**Brief**
Taking the data below, please print only the lines from the line holding "桥的对面是缅甸布岛族山庄,据" to the line holding "유한화학은 안전·보건·환경 경영방침에", inclusive, with pictures omitted.

**Source data**
%%

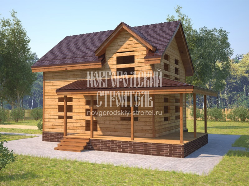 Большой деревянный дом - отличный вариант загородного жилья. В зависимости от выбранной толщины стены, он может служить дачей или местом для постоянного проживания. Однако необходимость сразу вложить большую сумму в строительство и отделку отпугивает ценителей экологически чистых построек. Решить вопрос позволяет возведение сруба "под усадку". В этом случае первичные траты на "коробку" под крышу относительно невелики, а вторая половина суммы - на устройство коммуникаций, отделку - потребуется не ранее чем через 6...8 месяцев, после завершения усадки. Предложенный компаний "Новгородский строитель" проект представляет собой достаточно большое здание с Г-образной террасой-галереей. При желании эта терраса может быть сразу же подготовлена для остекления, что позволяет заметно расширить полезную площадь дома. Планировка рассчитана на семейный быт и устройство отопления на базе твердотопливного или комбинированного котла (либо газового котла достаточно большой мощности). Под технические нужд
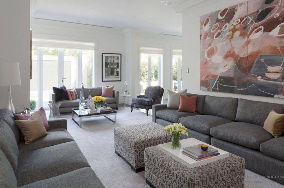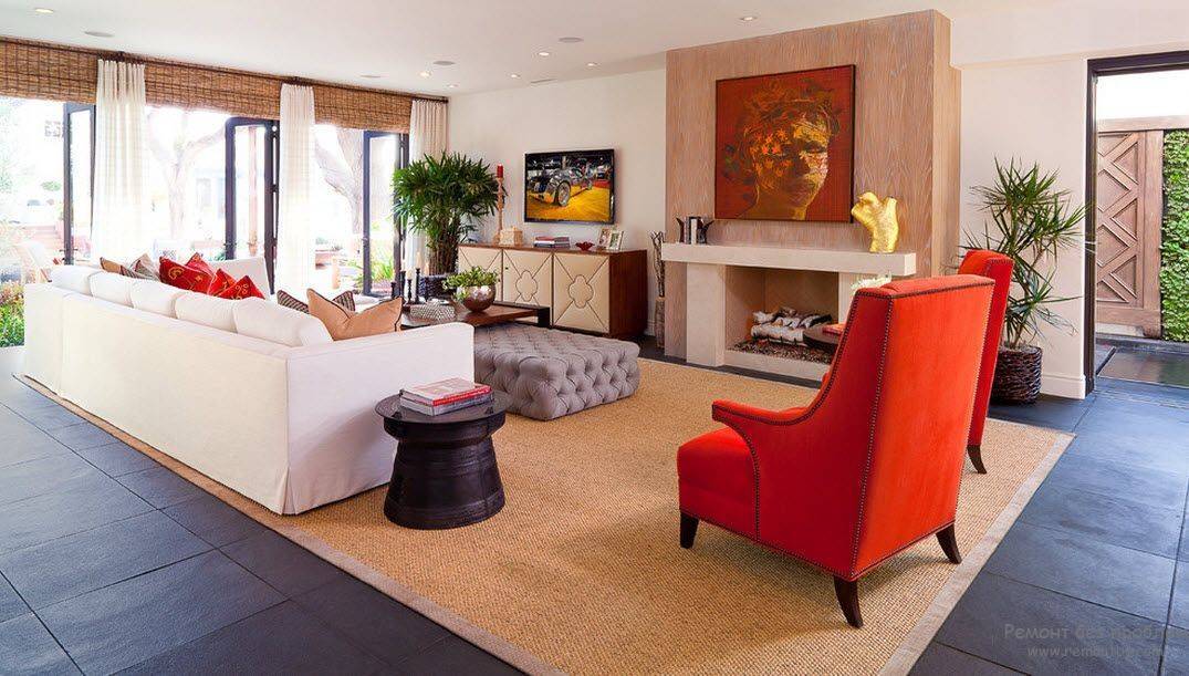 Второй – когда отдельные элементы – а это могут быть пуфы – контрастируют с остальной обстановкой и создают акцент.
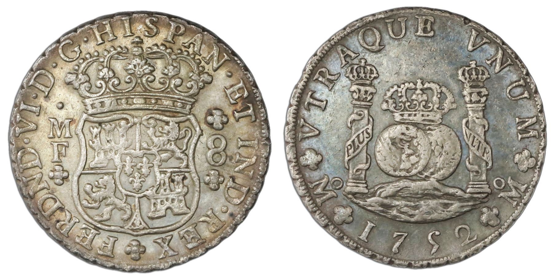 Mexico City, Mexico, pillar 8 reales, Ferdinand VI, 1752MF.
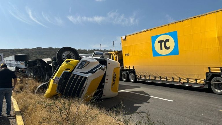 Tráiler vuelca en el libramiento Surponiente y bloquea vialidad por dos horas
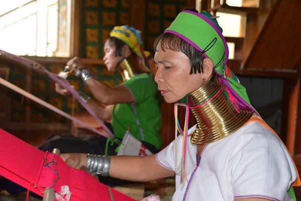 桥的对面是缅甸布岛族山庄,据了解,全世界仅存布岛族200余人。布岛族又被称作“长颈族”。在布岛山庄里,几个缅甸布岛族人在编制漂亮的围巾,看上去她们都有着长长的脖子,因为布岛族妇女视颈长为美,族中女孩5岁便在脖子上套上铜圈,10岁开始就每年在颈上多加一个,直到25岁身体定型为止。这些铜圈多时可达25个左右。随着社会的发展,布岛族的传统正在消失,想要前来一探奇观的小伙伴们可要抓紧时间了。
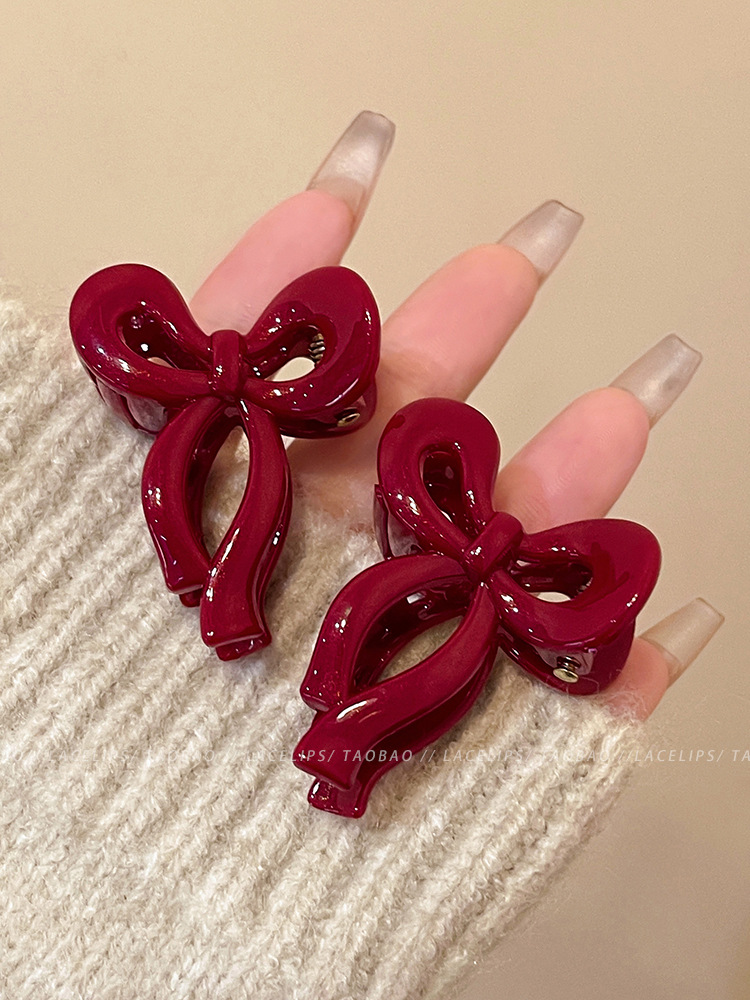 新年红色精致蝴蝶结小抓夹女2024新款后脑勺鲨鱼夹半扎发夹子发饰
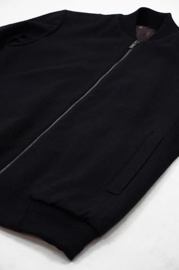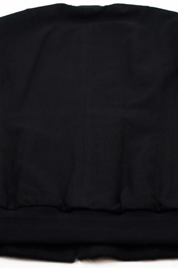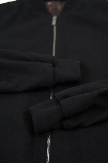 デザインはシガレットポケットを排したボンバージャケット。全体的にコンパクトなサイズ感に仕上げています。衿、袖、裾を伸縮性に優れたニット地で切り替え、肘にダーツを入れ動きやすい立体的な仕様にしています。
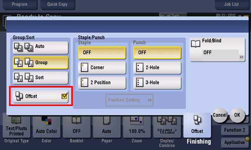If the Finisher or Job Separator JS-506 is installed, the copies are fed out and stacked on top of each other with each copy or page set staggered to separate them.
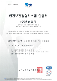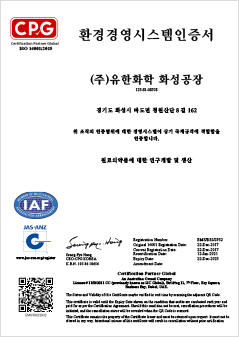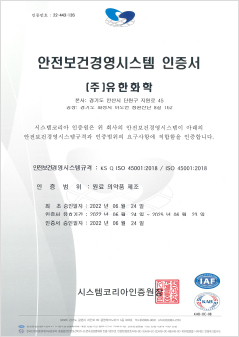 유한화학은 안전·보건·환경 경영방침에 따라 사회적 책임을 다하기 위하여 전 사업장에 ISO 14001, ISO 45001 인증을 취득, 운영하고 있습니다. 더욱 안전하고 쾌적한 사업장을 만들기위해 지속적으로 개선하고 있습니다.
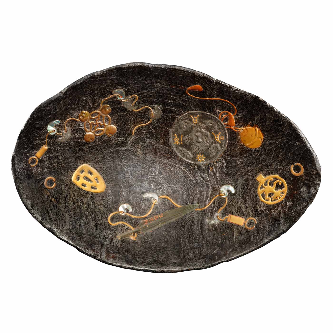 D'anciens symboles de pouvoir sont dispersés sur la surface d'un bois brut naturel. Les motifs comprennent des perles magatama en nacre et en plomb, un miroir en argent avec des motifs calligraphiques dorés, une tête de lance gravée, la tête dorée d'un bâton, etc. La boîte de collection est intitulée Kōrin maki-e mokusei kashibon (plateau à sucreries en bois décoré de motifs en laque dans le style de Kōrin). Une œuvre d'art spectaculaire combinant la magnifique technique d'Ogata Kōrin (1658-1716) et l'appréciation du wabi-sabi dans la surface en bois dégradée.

%%
%%

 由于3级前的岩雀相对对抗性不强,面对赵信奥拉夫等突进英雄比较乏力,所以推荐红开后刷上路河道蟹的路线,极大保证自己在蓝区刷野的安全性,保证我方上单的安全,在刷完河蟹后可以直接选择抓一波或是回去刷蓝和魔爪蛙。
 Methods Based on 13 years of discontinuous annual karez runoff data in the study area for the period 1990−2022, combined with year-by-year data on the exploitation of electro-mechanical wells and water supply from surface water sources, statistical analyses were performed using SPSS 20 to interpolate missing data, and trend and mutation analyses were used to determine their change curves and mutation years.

%%
%%

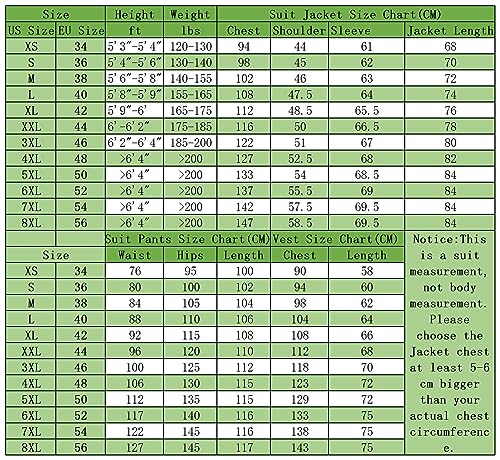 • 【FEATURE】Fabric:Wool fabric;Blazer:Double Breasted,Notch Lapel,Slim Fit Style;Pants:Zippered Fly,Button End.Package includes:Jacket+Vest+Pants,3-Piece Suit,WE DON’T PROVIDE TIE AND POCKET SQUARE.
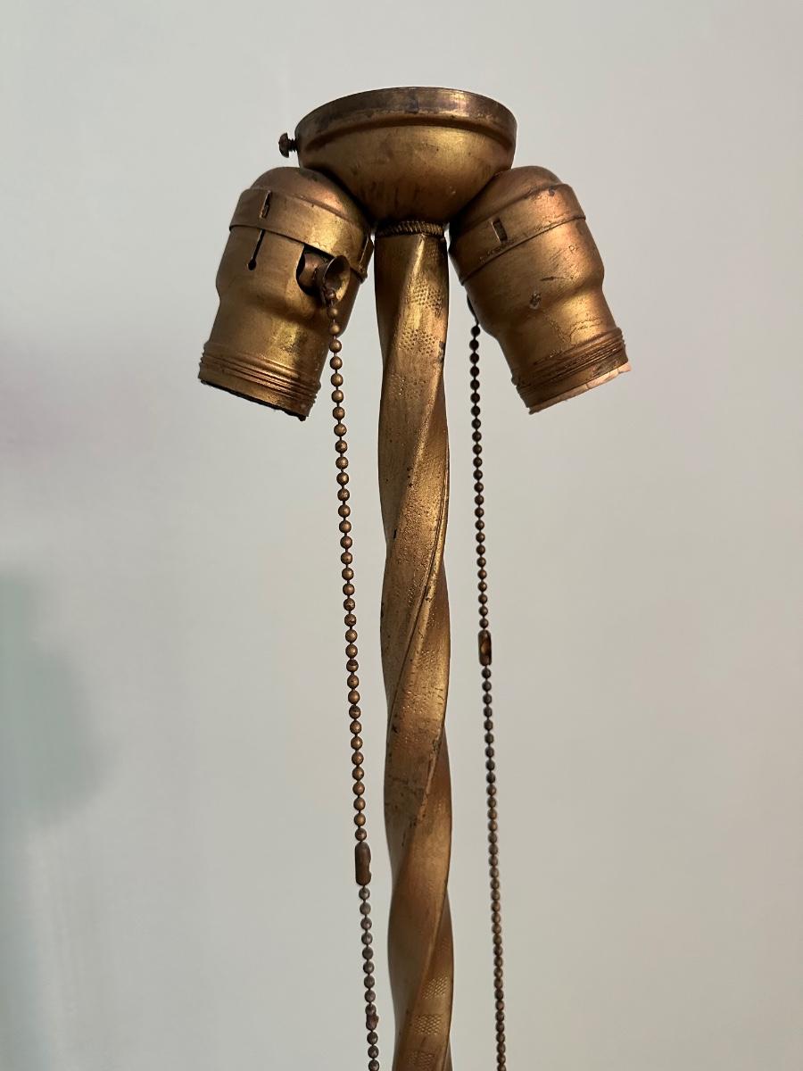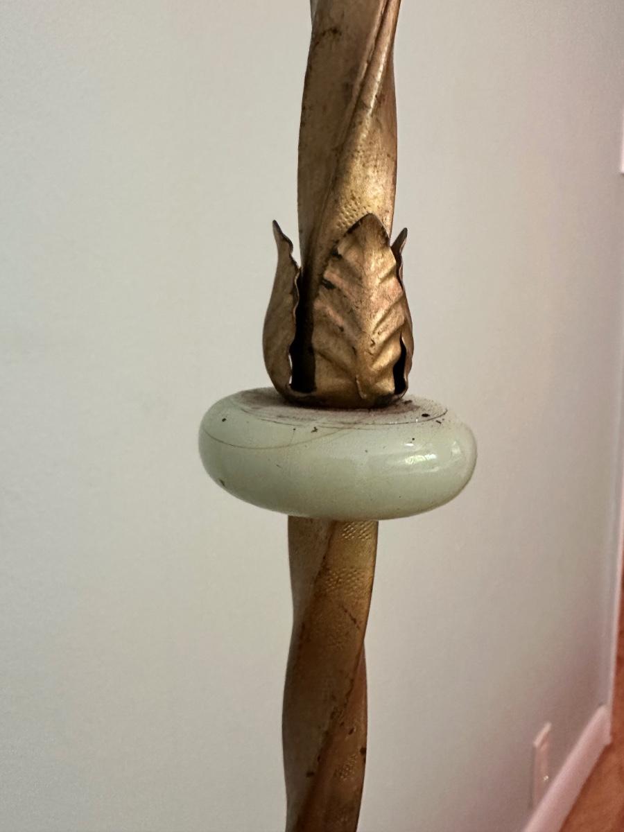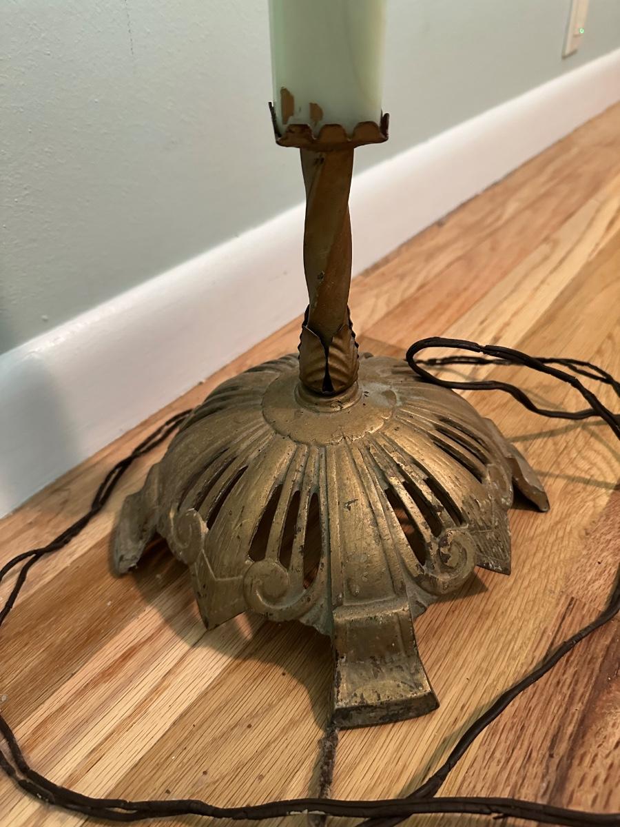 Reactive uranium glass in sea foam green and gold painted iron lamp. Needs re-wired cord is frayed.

%%

**Result of the task**
 桥的对面是缅甸布岛族山庄,据了解,全世界仅存布岛族200余人。布岛族又被称作“长颈族”。在布岛山庄里,几个缅甸布岛族人在编制漂亮的围巾,看上去她们都有着长长的脖子,因为布岛族妇女视颈长为美,族中女孩5岁便在脖子上套上铜圈,10岁开始就每年在颈上多加一个,直到25岁身体定型为止。这些铜圈多时可达25个左右。随着社会的发展,布岛族的传统正在消失,想要前来一探奇观的小伙伴们可要抓紧时间了。
 新年红色精致蝴蝶结小抓夹女2024新款后脑勺鲨鱼夹半扎发夹子发饰
 デザインはシガレットポケットを排したボンバージャケット。全体的にコンパクトなサイズ感に仕上げています。衿、袖、裾を伸縮性に優れたニット地で切り替え、肘にダーツを入れ動きやすい立体的な仕様にしています。
If the Finisher or Job Separator JS-506 is installed, the copies are fed out and stacked on top of each other with each copy or page set staggered to separate them.
 유한화학은 안전·보건·환경 경영방침에 따라 사회적 책임을 다하기 위하여 전 사업장에 ISO 14001, ISO 45001 인증을 취득, 운영하고 있습니다. 더욱 안전하고 쾌적한 사업장을 만들기위해 지속적으로 개선하고 있습니다.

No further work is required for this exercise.